TASK: Restate the listing below word for word, and leave its pictures behind.

STORED DATA:
------------------------------------------------------------------------

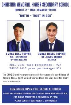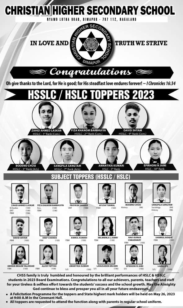 DIMAPUR/KOHIMA/ MOKOKCHUNG, MAY 24 (NPN): Toppers of HSLC and HSSLC examinations 2022 while attributing their success to teachers, parents and God on Wednesday, shared their success stories and future plans too.
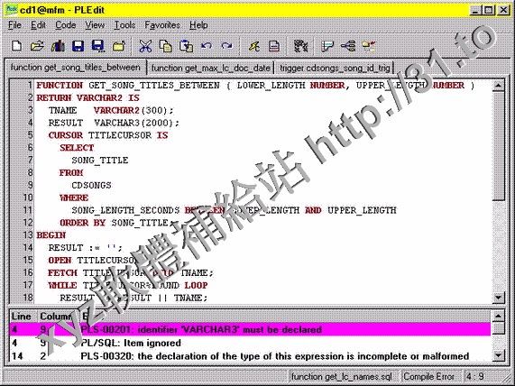 PLEdit allows editing and compiling of PL/SQL code modules
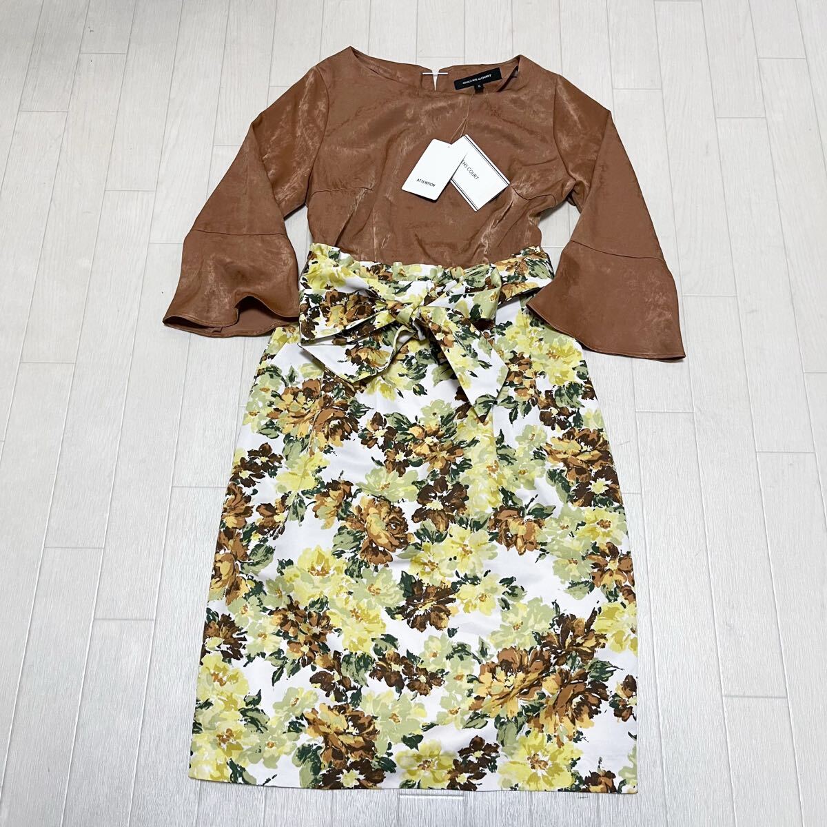 > 和808★① 新品 定価24000円 QUEENS COURT クイーンズコート 切替 タイトワンピース 花柄 マキシ 0 ブラウン ホワイト レディース

------------------------------------------------------------------------

FINISHED TASK:
 DIMAPUR/KOHIMA/ MOKOKCHUNG, MAY 24 (NPN): Toppers of HSLC and HSSLC examinations 2022 while attributing their success to teachers, parents and God on Wednesday, shared their success stories and future plans too.
 PLEdit allows editing and compiling of PL/SQL code modules
 > 和808★① 新品 定価24000円 QUEENS COURT クイーンズコート 切替 タイトワンピース 花柄 マキシ 0 ブラウン ホワイト レディース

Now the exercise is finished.